Is there a way in HDP >= v2.2.4 to increase the local task memory? I'm aware of disabling/limiting map-only join sizes, but we want to increase, not limit it.
Depending on the environment, the memory allocation will shift, but it appears to be entirely to Yarn and Hive's discretion.
"Starting to launch local task to process map join;maximum memory = 255328256 => ~ 0.25 GB"
I've looked at/tried:
I found documentation suggesting 'export HADOOP_HEAPSIZE="2048"' to change from the default, but this applied to the nodemanager.
Any way to configure this on a per-job basis?
To avoid duplication, the info I'm referencing comes from here: https://support.pivotal.io/hc/en-us/articles/207750748-Unable-to-increase-hive-child-process-max-hea...
Sounds like a per-job solution is not currently available with this bug.
It's a bug in Hive - you can disable hive.auto.convert.join or set the memory at a global level via HADOOP_HEAPSIZE, but it does not solve the question of setting the local task memory on a per-job basis.
What client are you using to run the query? If its Hive CLI then you can run export HADOOP_OPTS="-Xmx2048m" on the shell and then invoke the hive cli.
@Michael Miklavcic you have to increate tez container size: hive.tez.container.size and hive.tez.java.opts (should be 80% of container size) to have more memory available.

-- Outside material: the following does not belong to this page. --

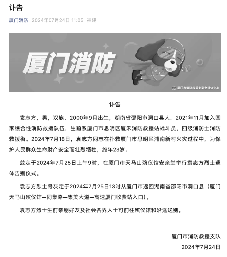 7月24日,厦门市消防救援支队发布讣告,袁志方,男,汉族,2000年9月出生,湖南省邵阳市洞口县人。2021年11月加入国家综合性消防救援队伍,生前系厦门市思明区厦禾消防救援站战斗员,四级消防士消防救援衔。2024年7月18日,袁志方同志在扑救厦门市思明区浦南新村火灾过程中,为保护人民群众生命财产安全而壮烈牺牲,终年23岁。

Then, you can increase hive.auto.convert.join.noconditionaltask.size to automatically convert mapjoins or set
hive.ignore.mapjoin.hint=false and use mapjoin hine (select /*+ MAPJOIN(dimension_table_name) */ ...)

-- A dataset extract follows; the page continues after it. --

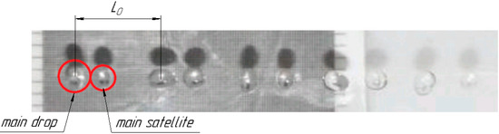 Experimental research shows that jet decay occurs at the frequency of 240 Hz (Figure 2). In this case, the main droplet forms with a satellite. The average diameter of the satellite ds0 = 0.92 mm is not significantly different from the average diameter of the droplet d0 = 1.04 mm. At the beginning of this movement, the distance between the groups of droplets L0 = 3.8 mm.

For those upvoting this answer, this is the correct answer for increasing mem for mapper Yarn containers, but will not work in cases where Hive is optimizing by creating a local task. What happens is that it generates a hash table of values for the map-side join first on a local node, then uploads this to HDFS for distribution to all mappers that need the fast lookup table. It's the local task that is the problem here, and the only way to fix this is to bail on the map-side join optimization, or change your HADOOP_HEAPSIZE on a global level through Ambari. Not elegant, but it is a workaround.
now, i've solved this issue by setting below property. Now, all mapper/reducer's output will not be stored in memory. But, i need to revisit my table data and predicates(where clause) once again to check if any unnecessary data is fetched.

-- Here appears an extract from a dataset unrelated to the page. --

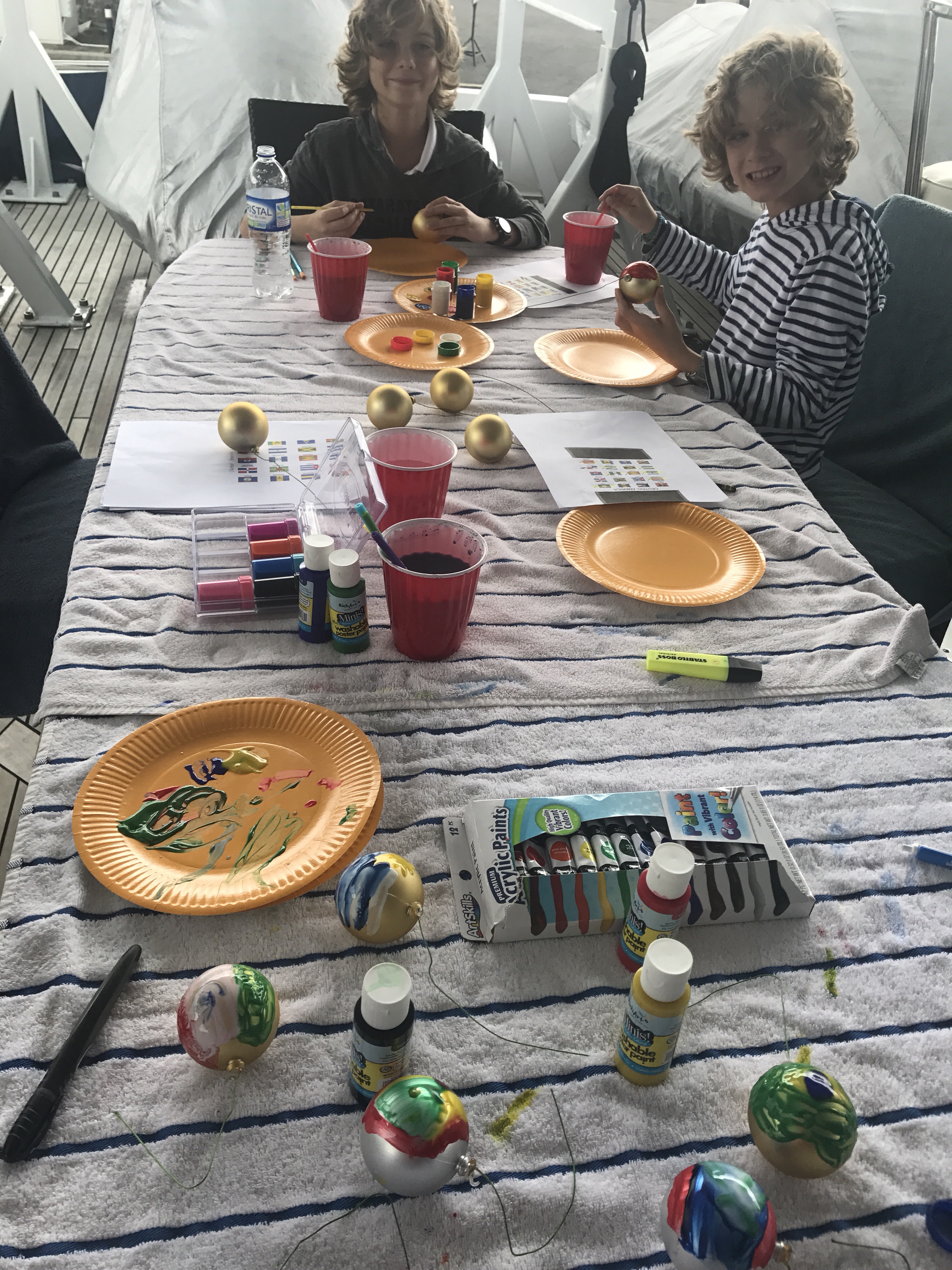 Leaving rainy Trinidad to dive the biggest brain coral In The world in Tobago!! Starting to get in the spirit of Christmas( nothing like home but a great second place) by making and decorating ornaments. We decided to to paint flags of all the countries we visited and draw major monuments of places we have seen. Waiting for Athena to decorate the tree π² completely!!!

Doesn't seem to work. Did the following:
$ export HADOOP_OPTS="-Xmx1024m"
$ hive -f test.hql > results.txt
Starting to launch local task to process map join;maximum memory = 511180800 = 0.5111808GB
@Guilherme Braccialli, that doesn't increase memory allocation for the local task. It's a percentage threshold before the job is automatically killed. It's already at 90% by default, so at this point the only option is to increase the local mem allocation. I tested the "HADOOP_HEAPSIZE" option from Ambari, and it works, but it's global.